# Get Used to Gas Prices Under $3 Per Gallon in 2015



## SeaBreeze (Nov 13, 2014)

I just filled up, paid $2.99 at the station I went to, but I'm okay with that...just glad to see it under $3 and hope it truly will stay that way...http://time.com/money/3583342/gas-prices-under-3-per-gallon/



> According to a report this week from the federal Energy Information Administration, it looks like sub-$3 gas prices will be sticking around for a while. The report projects that gas prices will keep declining through the end of the year, with a national average of $2.80 expected for December. And the average for 2015 as a whole is being forecast at $2.94 per gallon.


----------



## Falcon (Nov 13, 2014)

Same here.
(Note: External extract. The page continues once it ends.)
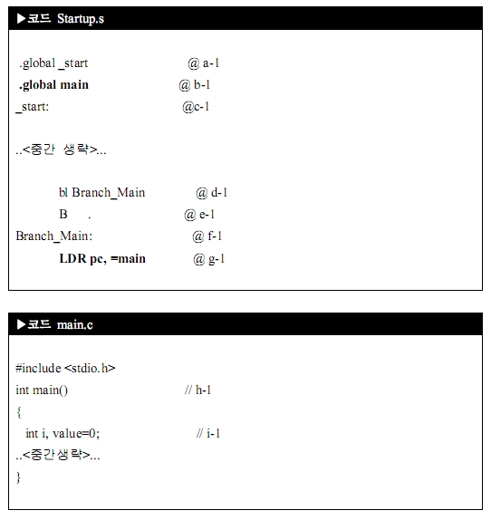 Startup.s 파일에서 .global main(b-1)이라고 선언을 해 주고 main(g-1)으로 call하면 됩니다. 간단하죠. 여기서 주의하셔야 할 내용은 대소문자랍니다. Startup.s 파일의 두 군데(b-1,g-1)에서 대소문자를 썩어서 사용했다면 main.c에서 main함수 이름도 Startup.s 파일에서 지정한 이름과 동일하게 작성을 해야 하죠.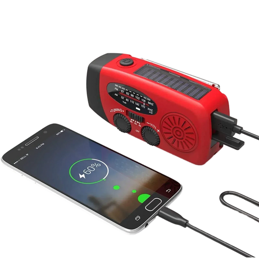 Vevradion - USB, Mobilladdning. Jag rekommenderar starkt! Plasten är av hög kvalitet och robust. Alla funktioner fungerar bra och larmet är högt med en blinkande SOS-ficklampa. Dessutom laddar den telefonen snabbt.

Last evening I filled up at the nearby ARCO station; $2.99/gal.
What a nice change; under $3/gal.  I gave the cashier $50 and got back $5. Now the tank's FULL.


----------



## rkunsaw (Nov 14, 2014)

I filled my wife's car yesterday for 2.599 gallon.


----------



## oldman (Nov 14, 2014)

http://www.gasbuddy.com/GB_Price_List.aspx?cntry=USA


----------



## rkunsaw (Nov 14, 2014)

I think your pricelist is out of date oldman.


----------



## Pappy (Nov 14, 2014)

$2.84 here in Palm Bay at BJ's. 
But still I remember....a long, long time ago in another lifetime, 25 cents a gallon. I can dream can't i?


----------



## oldman (Nov 14, 2014)

rkunsaw said:


> I think your price list is out of date oldman.



Really? I just got that from gasbuddy.com about 5 minutes ago. It is right for my zip code.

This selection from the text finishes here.